At step 804, the system generates, via a pretrained model (e.g., blurry inpainter 104), a first pass inpainted image (e.g., coarse image 106) based on the masked input image. In some embodiments, the pretrained model is configured to generate a blurry first pass inpainted image. The blurriness of the image may enhance the diversity of the generated images.

At step 806, the system generates a plurality of variants of the first pass inpainted image (e.g., images 120). In some embodiments, generating the plurality of variants of the first pass inpainted image 106 includes generating, via an encoder (e.g., encoder 108), a vector representation of the first pass inpainted image (e.g., vector representation 110). The generating the plurality of variants may further include generating a plurality of modified versions of the vector representation of the first pass inpainted image (e.g., variants 114). The generating the plurality of variants may further include generating, via a decoder (e.g., decoder 116), the plurality of variants of the first pass inpainted image based on the plurality of modified versions of the vector representation of the first pass inpainted image. In some embodiments, generating the plurality of modified versions of the vector representation may include determining a plurality of principal components (e.g., via PCA 112) that span dominant changes associated with the vector representation of the first pass inpainted image. Generating the plurality of modified versions of the vector representation may further include generating the plurality of modified versions of the vector representation of the first pass inpainted image by adding vector offsets based on the plurality of principal components to the vector representation of the first pass inpainted image.

At step 808, the system generates, via an encoder (e.g., encoder 202), a vector representation of the masked input image.

At step 810, the system generates, via a decoder (e.g., decoder 204), a plurality of output images (e.g., output images 210) based on the vector representation of the masked input image and conditioned by the plurality of variants of the first pass inpainted image. In some embodiments, generating the plurality of output images is further conditioned by the mask.
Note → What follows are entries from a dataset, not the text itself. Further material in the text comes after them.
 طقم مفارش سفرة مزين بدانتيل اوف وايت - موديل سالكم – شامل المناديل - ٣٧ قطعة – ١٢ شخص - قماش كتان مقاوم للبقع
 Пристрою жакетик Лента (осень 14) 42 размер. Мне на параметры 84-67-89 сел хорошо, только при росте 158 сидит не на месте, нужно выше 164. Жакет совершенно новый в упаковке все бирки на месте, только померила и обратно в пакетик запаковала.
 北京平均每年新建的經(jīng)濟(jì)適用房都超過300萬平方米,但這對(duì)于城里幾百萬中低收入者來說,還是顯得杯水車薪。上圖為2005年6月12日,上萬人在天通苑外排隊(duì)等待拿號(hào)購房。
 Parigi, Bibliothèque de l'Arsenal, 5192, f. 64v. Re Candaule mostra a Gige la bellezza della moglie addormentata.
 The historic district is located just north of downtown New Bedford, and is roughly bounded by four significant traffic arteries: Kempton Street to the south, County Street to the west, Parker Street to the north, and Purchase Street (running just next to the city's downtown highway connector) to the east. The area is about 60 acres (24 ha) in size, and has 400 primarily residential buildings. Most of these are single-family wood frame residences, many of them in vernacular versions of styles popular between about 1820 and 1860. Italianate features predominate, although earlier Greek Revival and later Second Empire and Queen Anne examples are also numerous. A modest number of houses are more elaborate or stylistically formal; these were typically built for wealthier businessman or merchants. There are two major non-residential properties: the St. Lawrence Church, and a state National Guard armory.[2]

In some embodiments, the first decoder includes a plurality of residual blocks (e.g., SPARN residual blocks 208a-208c). In some embodiments, each residual block of the plurality of residual blocks includes one or more region normalization layers (e.g., SPARN layers 306a-306c). In some embodiments, the one or more region normalization layers computes respective mean and variance vectors for different regions defined by the mask, wherein the normalization performed by the region normalization layers is based on the respective mean and variance vectors. In some embodiments, each residual block of the plurality of residual blocks includes one or more up-sampling layers (e.g., up-sampling layers 206a-206d).
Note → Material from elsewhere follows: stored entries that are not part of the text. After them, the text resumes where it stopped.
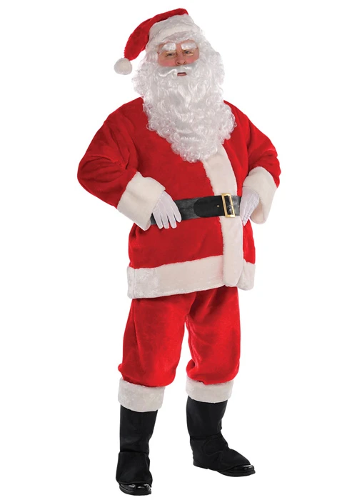 A great adult size Christmas regal Santa Claus costume, this Santa suit includes a bright red plush lined jacket with a white faux fur trim and zip front fastening, matching trousers with pockets, santa hat with pom pom, fake beard and wig set, black belt with buckle and boot tops.
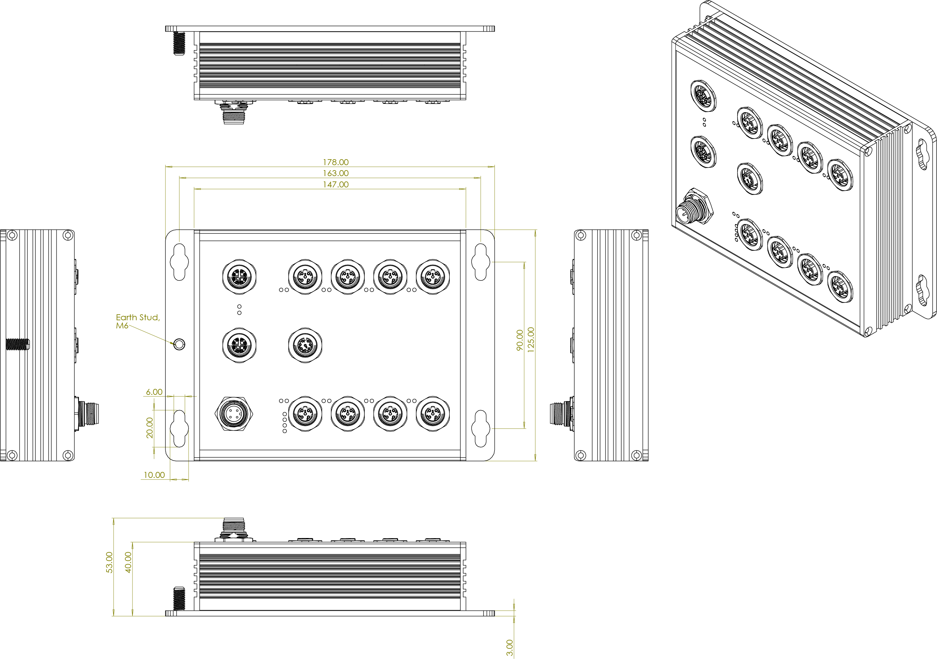 178mm(W)x125mm(H)x53mm(D) (Non-PoE models)
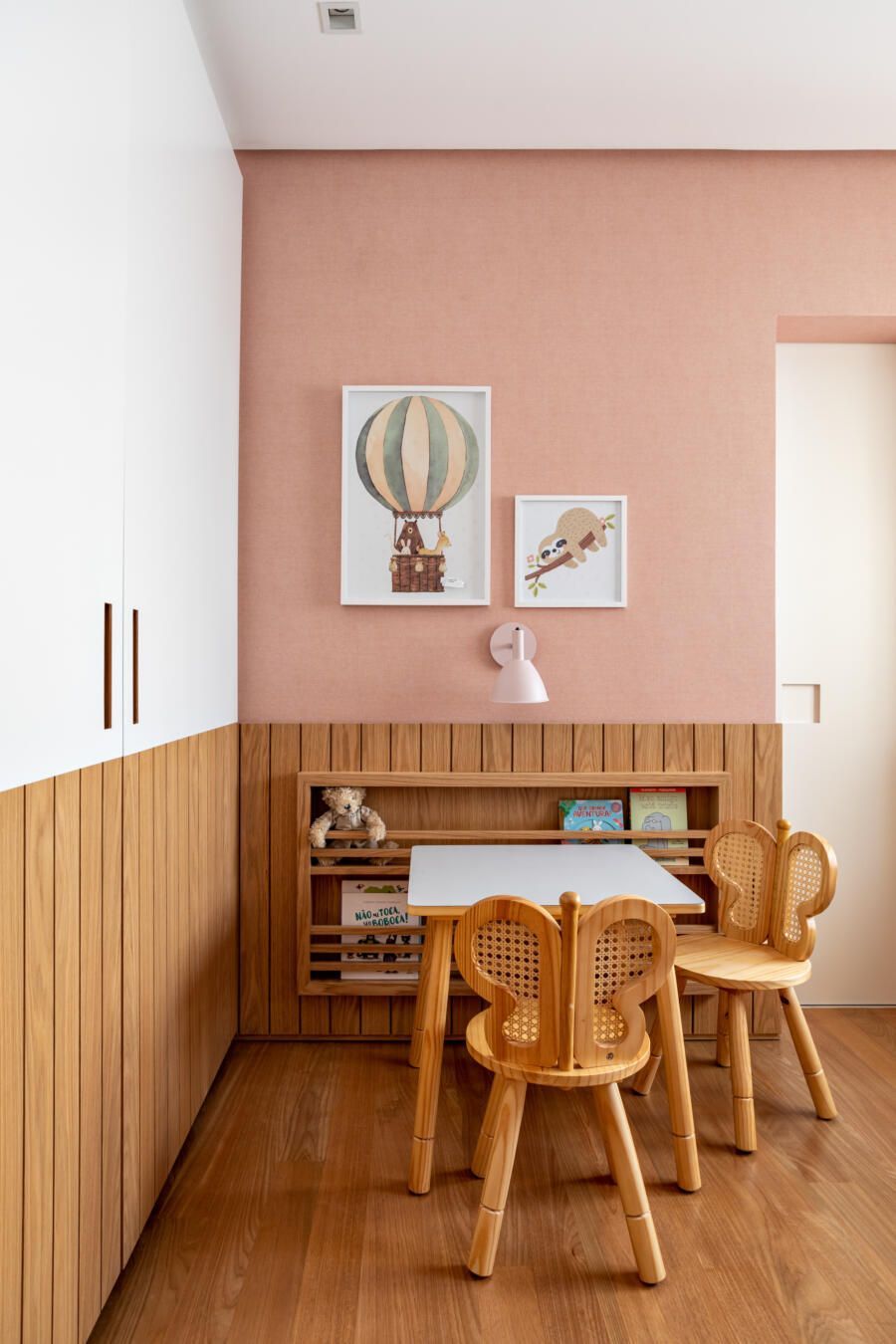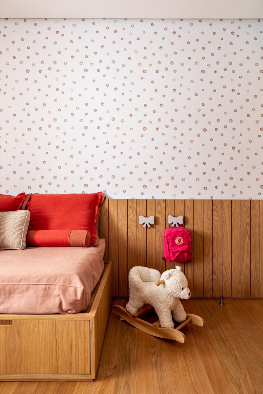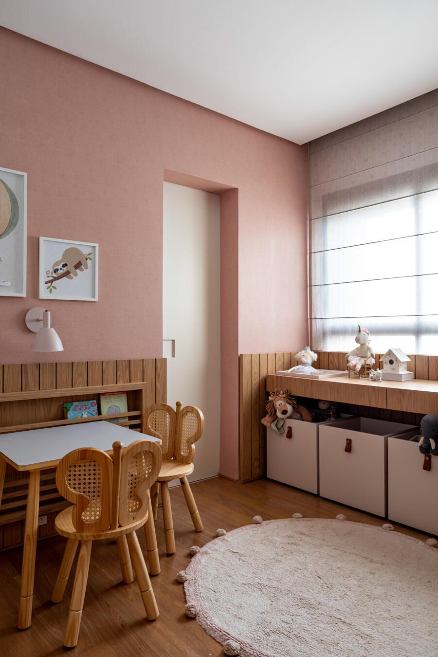“Usamos um tom de rosa, mas com uma mistura meio inusitada. É um rosa seco que se mistura com uma cor de coral bem viva e alegre. Fizemos isso para trazer uma composição diferente para o tom de rosa. Também trabalhamos com dois papéis de parede diferentes, um de bolinhas e o outro rosa. A principal ideia era desenhar um quarto que pudesse crescer com ela.”

At step 812, the system updates parameters of the decoder that generates the output images via backpropagation based on a loss function. In some embodiments, the loss function includes a comparison of at least one of the plurality of output images to at least one ground-truth image. In some embodiments, the loss function includes at least one of an adversarial loss, an SSIM loss (e.g., as described in equation (8)), a style loss (e.g., as described in equation (7)), or a perceptual loss (e.g., as described in equation (6)).

FIG. 9A is an exemplary device 900 with a digital avatar interface, according to some embodiments. Device 900 may be, for example, a kiosk that is available for use at a store, a library, a transit station, etc. Device 900 may display a digital avatar 910 on display 905. In some embodiments, a user may interact with the digital avatar 910 as they would a person, using voice and non-verbal gestures. Digital avatar 910 may interact with a user via digitally synthesized gestures, digitally synthesized voice, etc.
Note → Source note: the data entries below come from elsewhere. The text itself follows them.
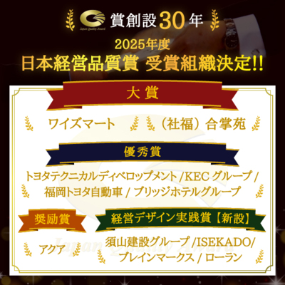 2025年度日本経営品質賞受賞組織を発表しました。
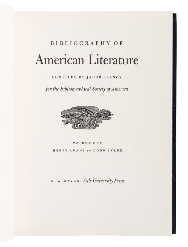 [AMERICAN LITERATURE -- REFERENCE]. BLANCK, Jacob (1906-1974) (Editor) Bibliography of American Literature. New Haven: Yale University Press, 1955.
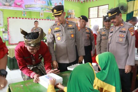 “Hari ini Polres Pelalawan membagikan sebanyak 900 kotak makan siang bergizi dan gratis kepada seluruh siswa SD negeri 009 Kuala Terusan Kecamatan Pangkalan Kerinci. Setiap anak mendapat jatah satu nasi kotak dan satu kotak susu kemasan,”ujarnya Kapolres Pelalawan melalui Waka Polres Kompol I Komang Aswatama.
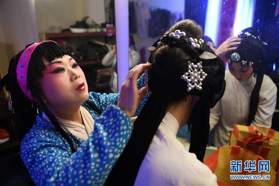 1月14日,在颐融堂戏曲体验馆里,演员在登台前整理发饰。新华社记者 范培珅 摄
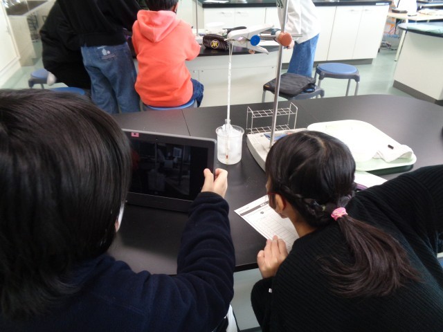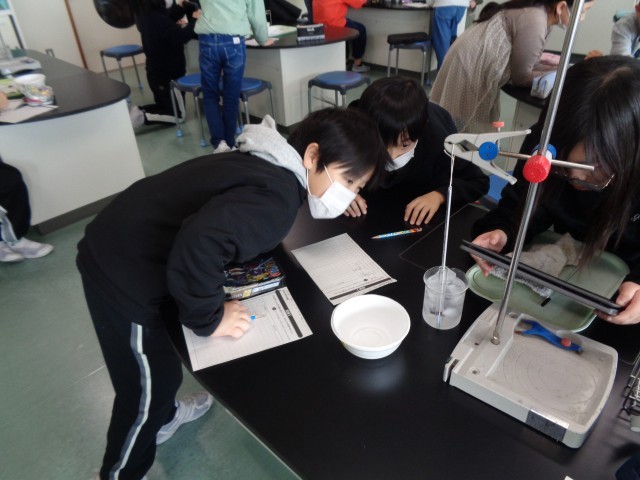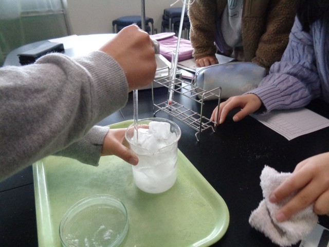 理科の学習で水を冷やしたときの様子について実験・観察をしました。試験管の中の水が凍っていく様子をみて「すごい、白くなってきたよ」「水面が動かないね」とつぶやきました。そして、クロムブックで撮影したものを見ながら、元の水の量の印より上に氷が上がっていることに気付くと「体積は大きくなるんだ」と、驚いている子供たちでした。

Device 900 may include one or more microphones, and one or more image-capture devices (not shown) for user interaction. Device 900 may be connected to a network (e.g., network 760). Digital Avatar 910 may be controlled via local software and/or through software that is at a central server accessed via a network. For example, an AI model may be used to control the behavior of digital avatar 910, and that AI model may be run remotely. In some embodiments, device 900 may be configured to perform functions described herein (e.g., via digital avatar 910). For example, device 900 may perform one or more of the functions as described with reference to computing device 500 or user device 710.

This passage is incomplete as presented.